Your task is to repeat each record verbatim, exactly as it was written.

↓↓↓

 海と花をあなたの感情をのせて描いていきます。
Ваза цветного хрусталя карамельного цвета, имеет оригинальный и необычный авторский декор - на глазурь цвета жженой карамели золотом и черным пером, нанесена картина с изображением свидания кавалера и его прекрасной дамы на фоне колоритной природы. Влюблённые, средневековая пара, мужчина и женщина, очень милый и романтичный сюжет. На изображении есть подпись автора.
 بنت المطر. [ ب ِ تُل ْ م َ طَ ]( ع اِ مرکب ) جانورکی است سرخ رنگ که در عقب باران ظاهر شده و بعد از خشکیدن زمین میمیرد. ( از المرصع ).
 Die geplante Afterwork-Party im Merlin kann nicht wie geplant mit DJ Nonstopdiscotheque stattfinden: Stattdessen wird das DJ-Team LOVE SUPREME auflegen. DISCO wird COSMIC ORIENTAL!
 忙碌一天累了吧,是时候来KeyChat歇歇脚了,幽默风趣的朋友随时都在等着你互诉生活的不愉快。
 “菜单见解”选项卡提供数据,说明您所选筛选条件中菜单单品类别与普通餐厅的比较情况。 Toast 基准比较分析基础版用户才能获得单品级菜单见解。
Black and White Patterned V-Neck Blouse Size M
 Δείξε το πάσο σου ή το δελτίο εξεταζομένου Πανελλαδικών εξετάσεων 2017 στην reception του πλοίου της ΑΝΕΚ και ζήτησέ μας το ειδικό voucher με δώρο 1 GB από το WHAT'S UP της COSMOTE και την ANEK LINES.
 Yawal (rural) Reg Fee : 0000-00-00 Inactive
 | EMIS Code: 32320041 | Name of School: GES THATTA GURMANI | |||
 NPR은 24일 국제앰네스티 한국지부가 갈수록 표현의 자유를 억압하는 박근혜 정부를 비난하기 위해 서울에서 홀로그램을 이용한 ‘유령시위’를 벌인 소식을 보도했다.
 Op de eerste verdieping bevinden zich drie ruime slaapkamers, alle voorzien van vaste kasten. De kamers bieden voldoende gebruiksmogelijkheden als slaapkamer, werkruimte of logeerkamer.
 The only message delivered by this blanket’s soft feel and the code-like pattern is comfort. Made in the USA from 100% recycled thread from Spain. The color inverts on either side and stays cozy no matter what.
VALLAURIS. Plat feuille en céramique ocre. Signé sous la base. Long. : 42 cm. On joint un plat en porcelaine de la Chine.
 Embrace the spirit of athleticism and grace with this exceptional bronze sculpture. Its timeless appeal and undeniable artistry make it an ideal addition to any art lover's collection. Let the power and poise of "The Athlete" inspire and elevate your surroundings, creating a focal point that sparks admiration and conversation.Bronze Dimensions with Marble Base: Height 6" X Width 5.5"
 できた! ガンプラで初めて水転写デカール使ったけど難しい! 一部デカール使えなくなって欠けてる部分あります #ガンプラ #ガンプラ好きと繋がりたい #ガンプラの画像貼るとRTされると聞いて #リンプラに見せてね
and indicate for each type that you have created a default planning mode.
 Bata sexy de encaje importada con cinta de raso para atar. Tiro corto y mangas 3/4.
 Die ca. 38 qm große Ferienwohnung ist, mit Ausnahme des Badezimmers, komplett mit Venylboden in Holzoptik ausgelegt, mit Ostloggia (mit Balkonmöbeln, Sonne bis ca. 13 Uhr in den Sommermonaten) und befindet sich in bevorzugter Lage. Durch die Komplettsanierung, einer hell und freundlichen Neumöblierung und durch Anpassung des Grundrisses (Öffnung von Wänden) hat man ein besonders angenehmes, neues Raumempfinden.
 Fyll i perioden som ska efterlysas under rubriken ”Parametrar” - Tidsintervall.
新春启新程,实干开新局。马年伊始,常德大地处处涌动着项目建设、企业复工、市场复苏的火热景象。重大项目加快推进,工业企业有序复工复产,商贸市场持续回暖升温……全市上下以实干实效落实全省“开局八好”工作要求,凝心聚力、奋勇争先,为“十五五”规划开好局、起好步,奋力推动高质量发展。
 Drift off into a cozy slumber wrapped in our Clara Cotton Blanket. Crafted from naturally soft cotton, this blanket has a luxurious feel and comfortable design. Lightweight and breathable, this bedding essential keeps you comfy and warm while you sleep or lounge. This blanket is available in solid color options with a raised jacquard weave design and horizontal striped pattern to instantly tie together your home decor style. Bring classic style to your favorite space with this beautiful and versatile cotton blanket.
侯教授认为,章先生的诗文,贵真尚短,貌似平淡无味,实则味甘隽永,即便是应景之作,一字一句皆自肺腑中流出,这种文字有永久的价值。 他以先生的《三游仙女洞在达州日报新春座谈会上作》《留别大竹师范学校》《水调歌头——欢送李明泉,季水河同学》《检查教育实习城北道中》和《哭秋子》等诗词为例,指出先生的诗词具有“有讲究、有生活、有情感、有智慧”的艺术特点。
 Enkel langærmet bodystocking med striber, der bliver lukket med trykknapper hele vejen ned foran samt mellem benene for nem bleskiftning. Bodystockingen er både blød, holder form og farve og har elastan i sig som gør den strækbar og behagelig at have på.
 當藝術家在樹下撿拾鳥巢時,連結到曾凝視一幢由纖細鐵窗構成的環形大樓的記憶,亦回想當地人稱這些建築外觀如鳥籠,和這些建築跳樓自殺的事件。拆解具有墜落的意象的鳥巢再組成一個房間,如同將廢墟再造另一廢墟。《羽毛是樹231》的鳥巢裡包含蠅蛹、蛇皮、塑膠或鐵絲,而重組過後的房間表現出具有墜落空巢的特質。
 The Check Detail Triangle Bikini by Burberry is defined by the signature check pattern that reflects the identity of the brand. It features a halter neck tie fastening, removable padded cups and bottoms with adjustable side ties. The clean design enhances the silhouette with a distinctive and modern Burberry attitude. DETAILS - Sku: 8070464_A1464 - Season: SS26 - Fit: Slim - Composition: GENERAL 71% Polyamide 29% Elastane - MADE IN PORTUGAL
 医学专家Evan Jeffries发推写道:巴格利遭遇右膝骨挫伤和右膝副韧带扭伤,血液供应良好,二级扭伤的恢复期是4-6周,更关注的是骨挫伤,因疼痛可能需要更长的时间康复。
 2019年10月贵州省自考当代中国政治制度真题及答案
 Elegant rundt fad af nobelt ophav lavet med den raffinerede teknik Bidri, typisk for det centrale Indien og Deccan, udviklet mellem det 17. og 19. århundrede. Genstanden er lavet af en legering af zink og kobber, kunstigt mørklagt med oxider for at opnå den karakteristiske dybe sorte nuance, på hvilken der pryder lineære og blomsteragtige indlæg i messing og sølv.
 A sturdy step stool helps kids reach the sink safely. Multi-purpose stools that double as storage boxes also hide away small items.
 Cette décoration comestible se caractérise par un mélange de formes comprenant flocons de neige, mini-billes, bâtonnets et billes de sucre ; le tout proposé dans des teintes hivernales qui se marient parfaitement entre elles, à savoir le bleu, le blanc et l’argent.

↑↑↑

◆ Exercise result:
 海と花をあなたの感情をのせて描いていきます。
Ваза цветного хрусталя карамельного цвета, имеет оригинальный и необычный авторский декор - на глазурь цвета жженой карамели золотом и черным пером, нанесена картина с изображением свидания кавалера и его прекрасной дамы на фоне колоритной природы. Влюблённые, средневековая пара, мужчина и женщина, очень милый и романтичный сюжет. На изображении есть подпись автора.
 بنت المطر. [ ب ِ تُل ْ م َ طَ ]( ع اِ مرکب ) جانورکی است سرخ رنگ که در عقب باران ظاهر شده و بعد از خشکیدن زمین میمیرد. ( از المرصع ).
 Die geplante Afterwork-Party im Merlin kann nicht wie geplant mit DJ Nonstopdiscotheque stattfinden: Stattdessen wird das DJ-Team LOVE SUPREME auflegen. DISCO wird COSMIC ORIENTAL!
 忙碌一天累了吧,是时候来KeyChat歇歇脚了,幽默风趣的朋友随时都在等着你互诉生活的不愉快。
 “菜单见解”选项卡提供数据,说明您所选筛选条件中菜单单品类别与普通餐厅的比较情况。 Toast 基准比较分析基础版用户才能获得单品级菜单见解。
Black and White Patterned V-Neck Blouse Size M
 Δείξε το πάσο σου ή το δελτίο εξεταζομένου Πανελλαδικών εξετάσεων 2017 στην reception του πλοίου της ΑΝΕΚ και ζήτησέ μας το ειδικό voucher με δώρο 1 GB από το WHAT'S UP της COSMOTE και την ANEK LINES.
 Yawal (rural) Reg Fee : 0000-00-00 Inactive
 | EMIS Code: 32320041 | Name of School: GES THATTA GURMANI | |||
 NPR은 24일 국제앰네스티 한국지부가 갈수록 표현의 자유를 억압하는 박근혜 정부를 비난하기 위해 서울에서 홀로그램을 이용한 ‘유령시위’를 벌인 소식을 보도했다.
 Op de eerste verdieping bevinden zich drie ruime slaapkamers, alle voorzien van vaste kasten. De kamers bieden voldoende gebruiksmogelijkheden als slaapkamer, werkruimte of logeerkamer.
 The only message delivered by this blanket’s soft feel and the code-like pattern is comfort. Made in the USA from 100% recycled thread from Spain. The color inverts on either side and stays cozy no matter what.
VALLAURIS. Plat feuille en céramique ocre. Signé sous la base. Long. : 42 cm. On joint un plat en porcelaine de la Chine.
 Embrace the spirit of athleticism and grace with this exceptional bronze sculpture. Its timeless appeal and undeniable artistry make it an ideal addition to any art lover's collection. Let the power and poise of "The Athlete" inspire and elevate your surroundings, creating a focal point that sparks admiration and conversation.Bronze Dimensions with Marble Base: Height 6" X Width 5.5"
 できた! ガンプラで初めて水転写デカール使ったけど難しい! 一部デカール使えなくなって欠けてる部分あります #ガンプラ #ガンプラ好きと繋がりたい #ガンプラの画像貼るとRTされると聞いて #リンプラに見せてね
and indicate for each type that you have created a default planning mode.
 Bata sexy de encaje importada con cinta de raso para atar. Tiro corto y mangas 3/4.
 Die ca. 38 qm große Ferienwohnung ist, mit Ausnahme des Badezimmers, komplett mit Venylboden in Holzoptik ausgelegt, mit Ostloggia (mit Balkonmöbeln, Sonne bis ca. 13 Uhr in den Sommermonaten) und befindet sich in bevorzugter Lage. Durch die Komplettsanierung, einer hell und freundlichen Neumöblierung und durch Anpassung des Grundrisses (Öffnung von Wänden) hat man ein besonders angenehmes, neues Raumempfinden.
 Fyll i perioden som ska efterlysas under rubriken ”Parametrar” - Tidsintervall.
新春启新程,实干开新局。马年伊始,常德大地处处涌动着项目建设、企业复工、市场复苏的火热景象。重大项目加快推进,工业企业有序复工复产,商贸市场持续回暖升温……全市上下以实干实效落实全省“开局八好”工作要求,凝心聚力、奋勇争先,为“十五五”规划开好局、起好步,奋力推动高质量发展。
 Drift off into a cozy slumber wrapped in our Clara Cotton Blanket. Crafted from naturally soft cotton, this blanket has a luxurious feel and comfortable design. Lightweight and breathable, this bedding essential keeps you comfy and warm while you sleep or lounge. This blanket is available in solid color options with a raised jacquard weave design and horizontal striped pattern to instantly tie together your home decor style. Bring classic style to your favorite space with this beautiful and versatile cotton blanket.
侯教授认为,章先生的诗文,贵真尚短,貌似平淡无味,实则味甘隽永,即便是应景之作,一字一句皆自肺腑中流出,这种文字有永久的价值。 他以先生的《三游仙女洞在达州日报新春座谈会上作》《留别大竹师范学校》《水调歌头——欢送李明泉,季水河同学》《检查教育实习城北道中》和《哭秋子》等诗词为例,指出先生的诗词具有“有讲究、有生活、有情感、有智慧”的艺术特点。
 Enkel langærmet bodystocking med striber, der bliver lukket med trykknapper hele vejen ned foran samt mellem benene for nem bleskiftning. Bodystockingen er både blød, holder form og farve og har elastan i sig som gør den strækbar og behagelig at have på.
 當藝術家在樹下撿拾鳥巢時,連結到曾凝視一幢由纖細鐵窗構成的環形大樓的記憶,亦回想當地人稱這些建築外觀如鳥籠,和這些建築跳樓自殺的事件。拆解具有墜落的意象的鳥巢再組成一個房間,如同將廢墟再造另一廢墟。《羽毛是樹231》的鳥巢裡包含蠅蛹、蛇皮、塑膠或鐵絲,而重組過後的房間表現出具有墜落空巢的特質。
 The Check Detail Triangle Bikini by Burberry is defined by the signature check pattern that reflects the identity of the brand. It features a halter neck tie fastening, removable padded cups and bottoms with adjustable side ties. The clean design enhances the silhouette with a distinctive and modern Burberry attitude. DETAILS - Sku: 8070464_A1464 - Season: SS26 - Fit: Slim - Composition: GENERAL 71% Polyamide 29% Elastane - MADE IN PORTUGAL
 医学专家Evan Jeffries发推写道:巴格利遭遇右膝骨挫伤和右膝副韧带扭伤,血液供应良好,二级扭伤的恢复期是4-6周,更关注的是骨挫伤,因疼痛可能需要更长的时间康复。
 2019年10月贵州省自考当代中国政治制度真题及答案
 Elegant rundt fad af nobelt ophav lavet med den raffinerede teknik Bidri, typisk for det centrale Indien og Deccan, udviklet mellem det 17. og 19. århundrede. Genstanden er lavet af en legering af zink og kobber, kunstigt mørklagt med oxider for at opnå den karakteristiske dybe sorte nuance, på hvilken der pryder lineære og blomsteragtige indlæg i messing og sølv.
 A sturdy step stool helps kids reach the sink safely. Multi-purpose stools that double as storage boxes also hide away small items.
 Cette décoration comestible se caractérise par un mélange de formes comprenant flocons de neige, mini-billes, bâtonnets et billes de sucre ; le tout proposé dans des teintes hivernales qui se marient parfaitement entre elles, à savoir le bleu, le blanc et l’argent.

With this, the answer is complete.